Ensure that the selected Signature Algorithm matches the Key Specification when the composite key was generated. This example uses MLDSA87-RSA3072-PSS-SHA512 as an example. For troubleshooting purposes, it is recommend to use the same Key Specification and Signature Algorithm when trying composite time-stamping for the first time.

  1. Enter a common name under DN, such as CN=MyOrg.

  2. Click Generate.

  3. Click the Download button under the Result label to download the .p10 CSR file.

Step 5 - Get a Composite Certificate

This step is completed by using a trusted certificate authority.

Bring your generated CSR to a CA supporting the issuance of Composite Certificates for time-stamping, for instance one running EJBCA. See Issue Composite Certificates in the EJBCA documentation.
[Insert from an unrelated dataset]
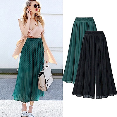 MOCO素色鬆緊腰百摺雪紡褲裙闊腿褲裙XL~4L

The composite certificate that is downloaded will be used for time-stamping.

Step 6 - Install the Composite Certificate

To install the composite certificate on the signer:

  1. From the Workers page, select the Timestamp Signer.
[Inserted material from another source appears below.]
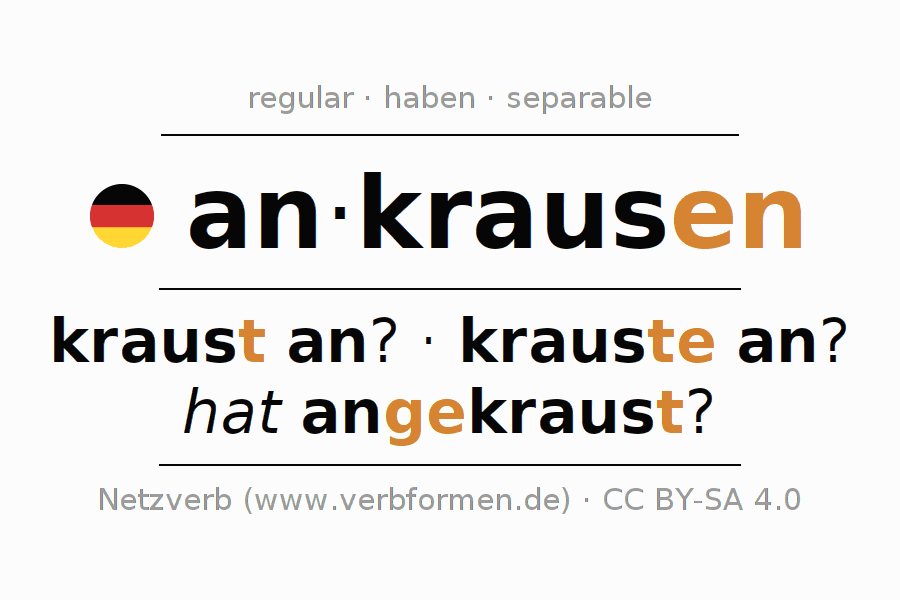Ejemplos para la conjugación del infinitivo ankrausen. Aquí tenemos fragmentos de texto reales y oraciones tomadas del proyecto Tatoeba. Por cada tipo de conjugación hay un ejemplo y la forma verbal se encuentra destacada. A veces hay más de una oración, pero en ese caso se seleccionará automáticamente un ejemplo del verbo alemán en cuestión. Para que además de aprender también practiques la conjugación del verbo, tenemos para ti Arbeitsblätter und Übungen hojas de trabajo disponibles.

  2. Click Install Certificates.

  3. The Worker and composite key should appear under Worker and Key.

  4. Under Upload, click Browse.

  5. Select the composite certificate you created with the CA.

  6. Click Add and Install.

  7. Ensure that the Timestamp Signer status is ACTIVE after installing the certificate.

Step 7 - Test Composite Time-stamping using SignClient

To use the composite key for time-stamping, open your SignServer instance:

  1. Navigate to SignClient.

  2. Execute the following command:

./signclient timestamp -url http://<your-domain>:8080/signserver/tsa?workerName=TimeStampSigner

  1. The following log should be visible from the console where signclient is being executed:

2025-11-26T14:28:14,545 INFO  [TimeStampCommand] Got reply after 75 ms
2025-11-26T14:28:14,570 INFO  [TimeStampCommand] TimeStampRequest validated with status code: 0 (Operation Okay)

The console log of the running application server should include details about the time-stamping requests, where an encoded timestamp request and an encoded TSA timestamp response should be visible.

  1. Create a test file by running the following command:

echo "Something to time-stamp" > test.txt

  1. Time-stamp the file by running the following command:

./bin/signclient timestamp -url http://localhost:8080/signserver/tsa?workerName=TimeStampSigner -infile test.txt -outrep test-composite.tsr -certreq

Step 8 - Verify the Time-stamping

With a timestamped file, the timestamp response or certificate chain of trust can be verified by SignClient.

Verifying Timestamp Response

Run the following command to verify:

./signclient timestamp -verify -inrep test-composite.tsr -signerfile composite-cert-name-from-download.crt

The -signerfile flag should point to the composite certificate that was installed in the Timestamp Signer in order for the timestamp to be verifiable.

A successful timestamp verification should produce the following log in the console:

INFO  [TimeStampCommand] Token was validated successfully. 
INFO  [TimeStampCommand] Token was generated on: Sat Nov 29 09:16:10 UTC 2025 
INFO  [TimeStampCommand] MessageDigest=<some message digest> 
INFO  [TimeStampCommand] Processing took 82 ms

Verifying Certificate Chain

Run the following command to verify:

./bin/signclient timestamp -verify -inrep test-composite.tsr -cafile my-trusted-cert.pem

The -cafile flag should point to a file containing one or multiple PEM-encoded certificates that will be used as trustanchors for certificate chain validation. This flag also performs timestamp token validation.

A successful certificate chain validation and timestamp token validation will be seen in the console output.